What to work on:
Would you please repeat exactly the entries below, starting at the line with "- szélesség: 30" and ending at the line with "- 2018.05.04. 개정된", and nothing outside that range? Leave out the pictures.

Records for this exercise:
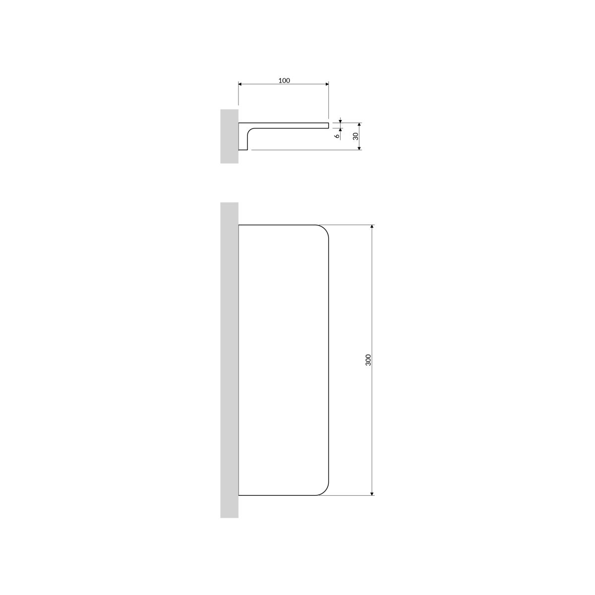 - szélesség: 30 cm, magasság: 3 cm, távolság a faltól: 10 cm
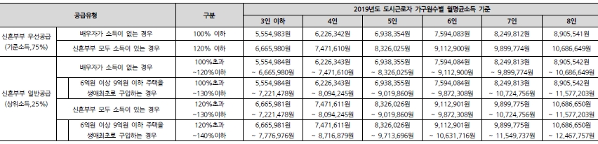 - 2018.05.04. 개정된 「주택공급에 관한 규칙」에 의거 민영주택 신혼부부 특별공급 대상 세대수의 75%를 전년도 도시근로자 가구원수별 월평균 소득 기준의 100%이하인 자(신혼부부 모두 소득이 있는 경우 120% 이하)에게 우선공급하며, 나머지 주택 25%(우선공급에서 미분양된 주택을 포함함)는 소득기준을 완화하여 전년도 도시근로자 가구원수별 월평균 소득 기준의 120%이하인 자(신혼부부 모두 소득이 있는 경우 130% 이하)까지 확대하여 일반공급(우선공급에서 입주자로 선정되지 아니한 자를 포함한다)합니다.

* * *

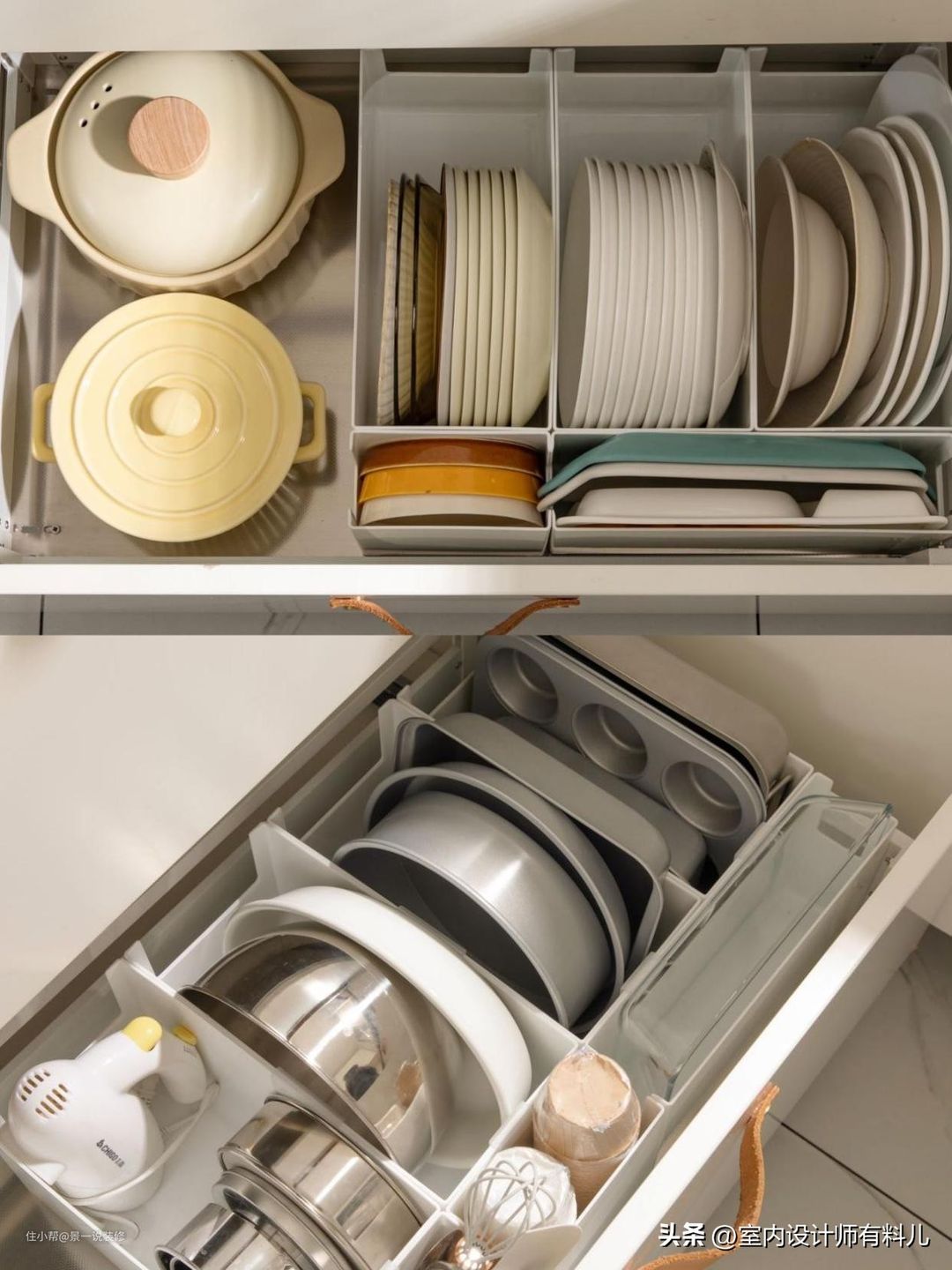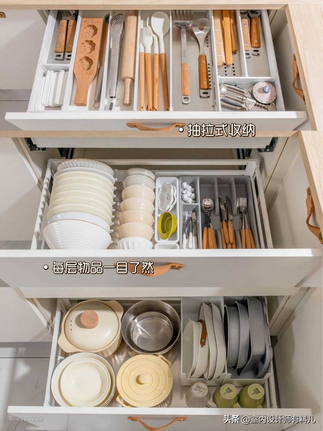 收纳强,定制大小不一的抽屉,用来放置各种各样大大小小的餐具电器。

Expected answer:
 - szélesség: 30 cm, magasság: 3 cm, távolság a faltól: 10 cm
 - 2018.05.04. 개정된 「주택공급에 관한 규칙」에 의거 민영주택 신혼부부 특별공급 대상 세대수의 75%를 전년도 도시근로자 가구원수별 월평균 소득 기준의 100%이하인 자(신혼부부 모두 소득이 있는 경우 120% 이하)에게 우선공급하며, 나머지 주택 25%(우선공급에서 미분양된 주택을 포함함)는 소득기준을 완화하여 전년도 도시근로자 가구원수별 월평균 소득 기준의 120%이하인 자(신혼부부 모두 소득이 있는 경우 130% 이하)까지 확대하여 일반공급(우선공급에서 입주자로 선정되지 아니한 자를 포함한다)합니다.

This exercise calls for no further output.